Git Product home page Git Product logo

Comments (21)

algal avatar algal commented on May 23, 2024 2

I've got a fix. PR incoming in a few hours.

from gptel.

karthink avatar karthink commented on May 23, 2024 1

from gptel.

d1egoaz avatar d1egoaz commented on May 23, 2024 1

Something interesting I found in my environment is that I have an issue retrieving the key via .authinfo.gpg.

When I do that, I need to pass the bearer token encoded:

("Authorization" . ,(encode-coding-string(format "Bearer %s" api-key) 'utf-8))))

If I hardcode the key, I only need to do:

("Authorization" . ,(format "Bearer %s" api-key))))

I've pushed these changes to my (yes, another ChatGPT package) https://github.com/d1egoaz/c3po.el

from gptel.

karthink avatar karthink commented on May 23, 2024 1

@algal and @d1egoaz Thank you for debugging this issue and for the fix! Figuring this out is nontrivial -- may I add you to an acknowledgments section in the README?

from gptel.

algal avatar algal commented on May 23, 2024 1

@karthink Of course, feel free!

from gptel.

karthink avatar karthink commented on May 23, 2024 1

Updated README with acknowledgments.

from gptel.

hraban avatar hraban commented on May 23, 2024 1

By god this was hard to debug but I think I've found the actual culprit:

(dolist (x (list
            "x"
            (shell-command-to-string "printf x")
            (encode-coding-string (shell-command-to-string "printf x") 'utf-8)))
  (let ((s (concat x (encode-coding-string "é" 'utf-8))))
    (message
     "%S: %s(%s) %s, %s"
     s
     (multibyte-string-p s)
     (multibyte-string-p x)
     (string-bytes s)
     (length s))))

Output:

"x\303\251": nil(nil) 3, 3
"x\303\251": t(t) 5, 3
"x\303\251": nil(nil) 3, 3

Note

url-request will fail if (length request)(string-bytes request)

Emacs has two kinds of strings: multibyte and unibyte. If you concat multiple strings, and any single one of them is multibyte, the entire result will be multibyte. The body of url-http-create-request is basically one giant (concat ...) call, including the HTTP headers. So if any header is multibyte, no matter its contents, it spoils the effect of encoding the request body. In my case I was getting an API key from a call to shell-command-to-string, and the same was happening to @d1egoaz further up. Encoding that output, even if it's plain ASCII, ensures the actual string type is unibyte, which in turn ensures the final HTTP request is unibyte. This is why you have to encode the API key.

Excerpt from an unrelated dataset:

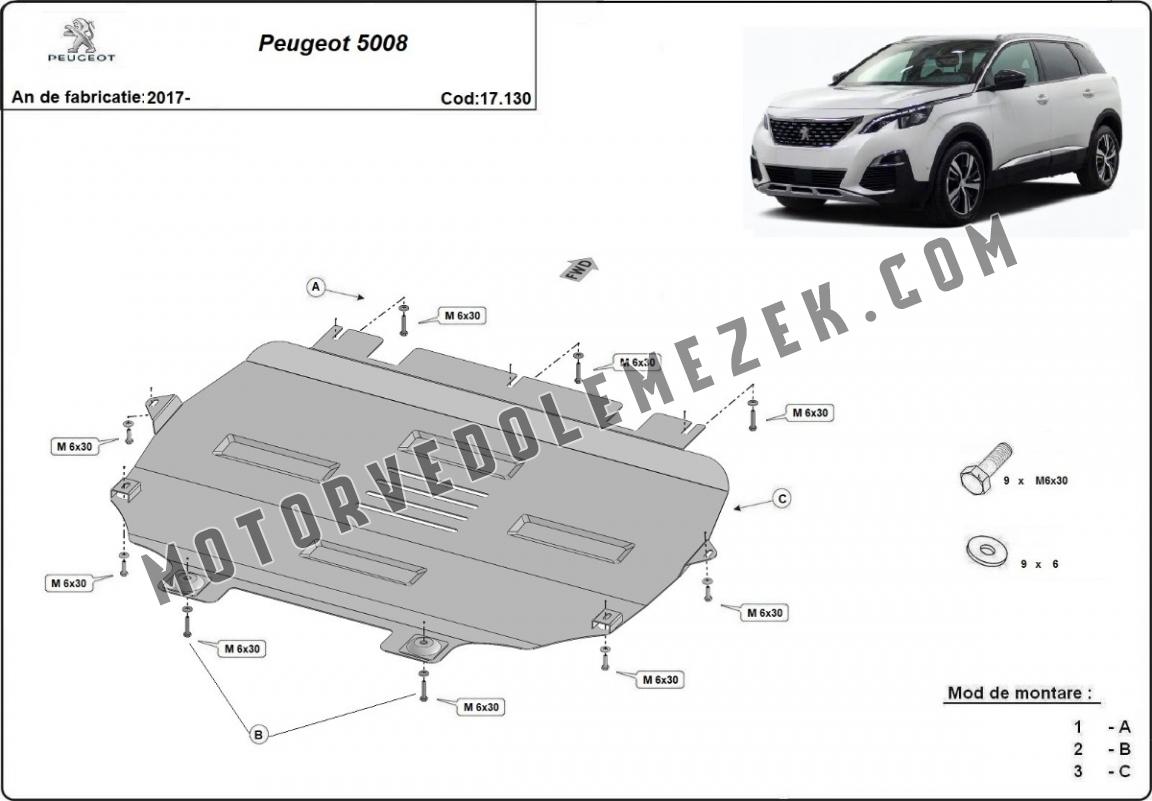 Acél motor, sebbeségváltó, hütő védőlemez Peugeot 5008 (2017-2025)

String literals without multibyte characters are automatically unibyte, which is why you won't trigger this bug if you paste your API key literally into the REPL. This can be quite confusing while debugging! Haha.

from gptel.

d1egoaz avatar d1egoaz commented on May 23, 2024

try using us-ascii instead of utf-8, that fixed the issue for my chatgpt request function. https://github.com/d1egoaz/dotemacs/blob/master/modules/diego-chatgpt.el

         (url-request-data (encode-coding-string (json-encode
                                                  `(:model ,model
                                                           :messages [(:role "system" :content ,sys-content)
                                                                      (:role "user" :content ,input)]
                                                           :temperature 0.7)) 'us-ascii)))

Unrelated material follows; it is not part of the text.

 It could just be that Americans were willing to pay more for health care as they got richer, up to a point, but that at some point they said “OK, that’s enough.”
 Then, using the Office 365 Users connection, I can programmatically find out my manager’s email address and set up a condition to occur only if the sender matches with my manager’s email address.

BTW, the answer to your question is: Emacs

from gptel.

d1egoaz avatar d1egoaz commented on May 23, 2024

I'm still not sure why utf-8 is not working, I only use it for english content so us-ascii might work, I've used accents and ñ, and it still works with 'us-ascii

from gptel.

algal avatar algal commented on May 23, 2024

If I wanted to work on this, what’s the easiest way to reproduce the bug? Just make any request that includes multibyte Unicode characters in the prompt?

I am particularly interested in being able to use Modern Greek characters in a prompt, and I believe but am not sure that those are multibyte.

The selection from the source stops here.